Regular Expressions Explained
A regular expression is a compact pattern that describes a set of strings, used to search, match, validate, and replace text. Rather than checking characters by hand, you write a pattern once and let the regex engine do the matching — `\d{3}-\d{4}` finds a phone-number shape anywhere in a string. The power comes from a handful of special characters that mean “any digit,” “one or more,” “start of line,” and so on, combined into expressive patterns. This guide walks through literals and metacharacters, character classes, quantifiers, anchors, capturing groups, and the classic greedy-matching pitfall that trips up nearly everyone.

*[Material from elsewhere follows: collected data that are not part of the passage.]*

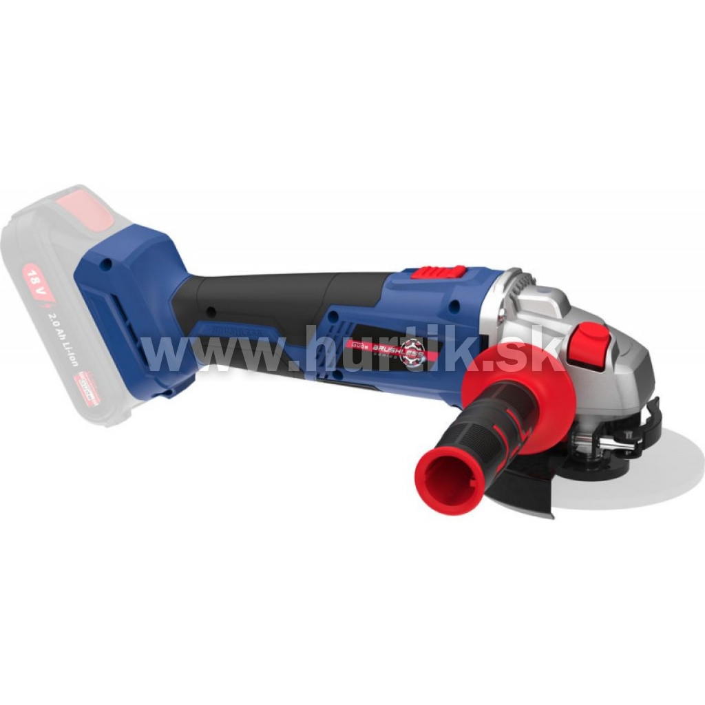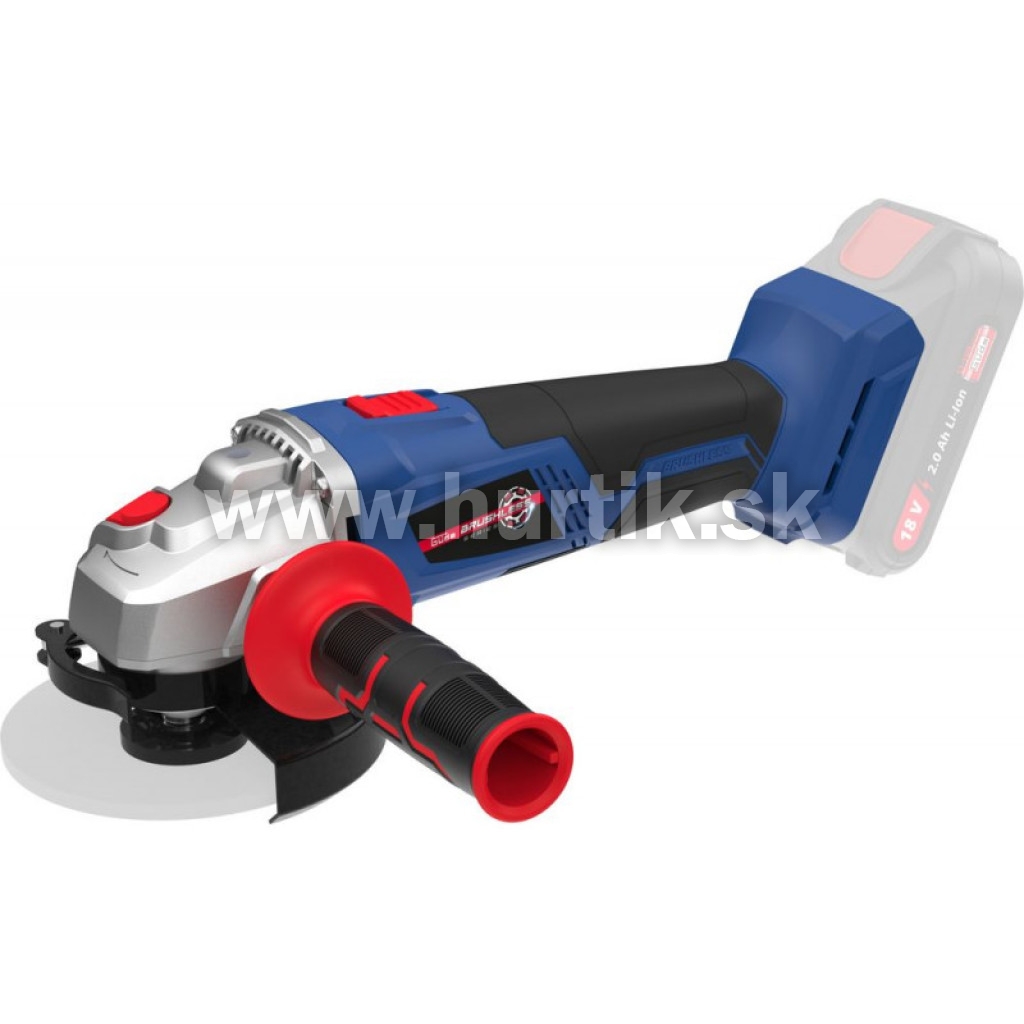 Akumulátorová uhlová brúska zo série akumulátorového náradia 18V E3. Bezuhlíkový motor pre lepší výkon a dlhšiu dobu chodu.
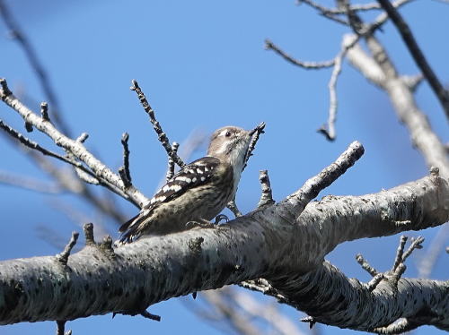 | コゲラ[10月1日] 大きな音を立てて突いていました。 | エナガ[10月1日] 大きな群れで動いていました。こんもりと茂った所でした。 |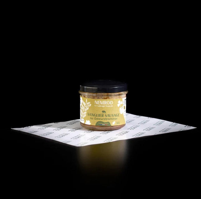 Un peu de douceur dans ce monde de brutes ! Cette étonnante terrine à base de sanglier sauvage, agrémentée au Gewurztraminer (vin blanc moelleux d'Alsace), vous surprendra par son côté sucré/salé.

1. Literals and metacharacters
Most characters in a pattern are literals that match themselves, so the regex `cat` matches the text `cat` exactly. The power comes from metacharacters, which carry special meaning: `. ^ $ * + ? ( ) [ ] { } | \` are the common ones. For instance `.` matches any single character except a newline, so `c.t` matches `cat`, `cot`, or `c9t`. To match a metacharacter literally you escape it with a backslash, so `\.` matches a real full stop and `3\.14` matches the text `3.14`.
2. Character classes
Square brackets define a character class — a set of characters, any one of which may match at that position. So `[aeiou]` matches a single vowel and `[0-9]` matches one digit via a range. A leading `^` inside the brackets negates the class, so `[^0-9]` matches any character that is not a digit. Common classes have shorthands: `\d` is a digit, `\w` is a word character (letters, digits, underscore), `\s` is whitespace, and their uppercase forms `\D`, `\W`, `\S` mean the negation of each.
3. Quantifiers
Quantifiers say how many times the preceding element may repeat. `*` means zero or more, `+` means one or more, and `?` means zero or one (optional). For precise counts, `{n}` matches exactly n times, `{n,}` n or more, and `{n,m}` between n and m. So `\d{3}` matches exactly three digits, `colou?r` matches both `color` and `colour`, and `\w+` matches a run of one or more word characters.
4. Anchors and boundaries
Anchors do not match characters; they match positions. `^` asserts the start of the string (or line in multiline mode) and `$` asserts the end, so `^abc$` matches a string that is exactly `abc` and nothing more. The word boundary `\b` matches the position between a word character and a non-word character, so `\bcat\b` matches `cat` as a whole word but not the `cat` inside `category`. Anchors are essential for validation, where you usually want the whole input to match rather than just a fragment of it.
5. Groups and capture
Parentheses group part of a pattern so a quantifier or alternation can apply to it as a unit, and they also capture the matched text for later use. So `(ab)+` matches one or more repetitions of `ab`, and `(jpe?g|png|gif)` matches any of those three extensions via the `|` alternation. Each captured group is numbered from 1 and can be referenced — as `$1` or `\1` in a replacement, or as a backreference `\1` within the pattern itself. When you want grouping without the capture overhead, use a non-capturing group `(?:...)`, and many engines also support named groups like `(?<year>\d{4})`.
6. Greedy matching and other pitfalls
By default quantifiers are greedy: they match as much as possible and then give back only if the rest of the pattern needs them to. So against `<a><b>` the pattern `<.*>` matches the entire string, not just `<a>`, because `.*` grabs everything before backtracking to the last `>`. Adding `?` after a quantifier makes it lazy, so `<.*?>` matches the smallest possible piece, just `<a>`. Other common traps include forgetting to escape literal dots, letting `.*` run wild across lines, and writing nested quantifiers that cause catastrophic backtracking on certain inputs — so keep patterns specific and test them against realistic data.